Data

Data set definitions and transforms define the data to load and how to process it.

The basic data model used by Vega is tabular data, similar to a spreadsheet or database table. Individual data sets are assumed to contain a collection of records (or “rows”), which may contain any number of named data attributes (fields, or “columns”). Records are modeled using standard JavaScript objects.

If the input data is simply an array of primitive values, Vega maps each value to the data property of a new object. For example [5, 3, 8, 1] is loaded as:

[ {"data": 5}, {"data": 3}, {"data": 8}, {"data": 1} ]

Upon ingest, Vega also assigns each data object a unique id property, accessible via a custom Symbol. As a result, the id property is not accessible via a string key and is not enumerable, though you can observe the id value when inspecting data objects in a JavaScript console.

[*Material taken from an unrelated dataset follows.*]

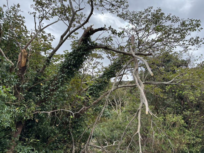 1ヶ月間経った後、落ち着いて周囲を観察しました。倒木だけでなく、多くの枝も折れていました。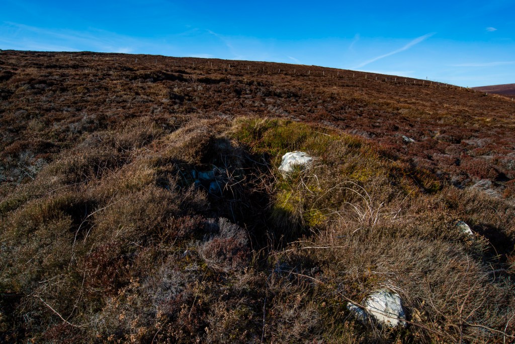 Beyond the cuts the ground rises again, there’s another fence, rising and falling with the contours, running arrow straight across the moor, a testament to the skill of the man or men who put it up. It terminates in a valley, a mile or two further on, on the shore of the islands reservoir. It’s a few years since I’ve seen any livestock up here, changes in farming practice mean the fence currently keeps neither nothing in nor nothing out. From the base of the fence three grouse burst from the heather, chestnut bodies flashing silver-white underwings. They glide away, heading downhill, back to the cuts.

Data sets can be specified directly by defining data inline or providing a URL from which to load the data. Alternatively, data can be bound dynamically at runtime by using the View API to provide data when a chart is instantiated or issue streaming updates. Loading data from a URL will be subject to the policies of your runtime environment (e.g., cross-origin request rules).

Documentation Overview

Data Properties

Properties for specifying a data set. At most one of the source, url, or values properties should be defined.

Property Type Description
name String Required. A unique name for the data set.
format Format An object that specifies the format for parsing the data file or values. See the format reference for more.
source String | String[ ] The name of one or more data sets to use as the source for this data set. The source property is useful in combination with a transform pipeline to derive new data. If string-valued, indicates the name of the source data set. If array-valued, specifies a collection of data source names that should be merged (unioned) together.
url String A URL from which to load the data set. Use the format property to ensure the loaded data is correctly parsed. If the format property is not specified, the data is assumed to be in a row-oriented JSON format.
values Any The full data set, included inline. The values property allows data to be included directly within the specification itself. While most commonly an array of objects, other data types (such as CSV strings) may be used, subject to the format settings.
on Trigger[ ] An array of updates to insert, remove, & toggle data values, or clear the data when trigger conditions are met. See the trigger reference for more.
transform Transform[ ] An array of transforms to perform on the input data. The output of the transform pipeline then becomes the value of this data set. See the transform reference for more.

Dynamic Data Loading

≥ 4.2 For Vega version 4.2 and higher, the data url parameter and (when used with URL-loading) the format parameter may include signal references. This feature allows either the source url or one or more formatting parameters to be dynamically changed at runtime, causing the data to be reloaded. For example, a single spec might load a different dataset based on user input, or the data might be polled at a regular interval in conjunction with a timer event stream.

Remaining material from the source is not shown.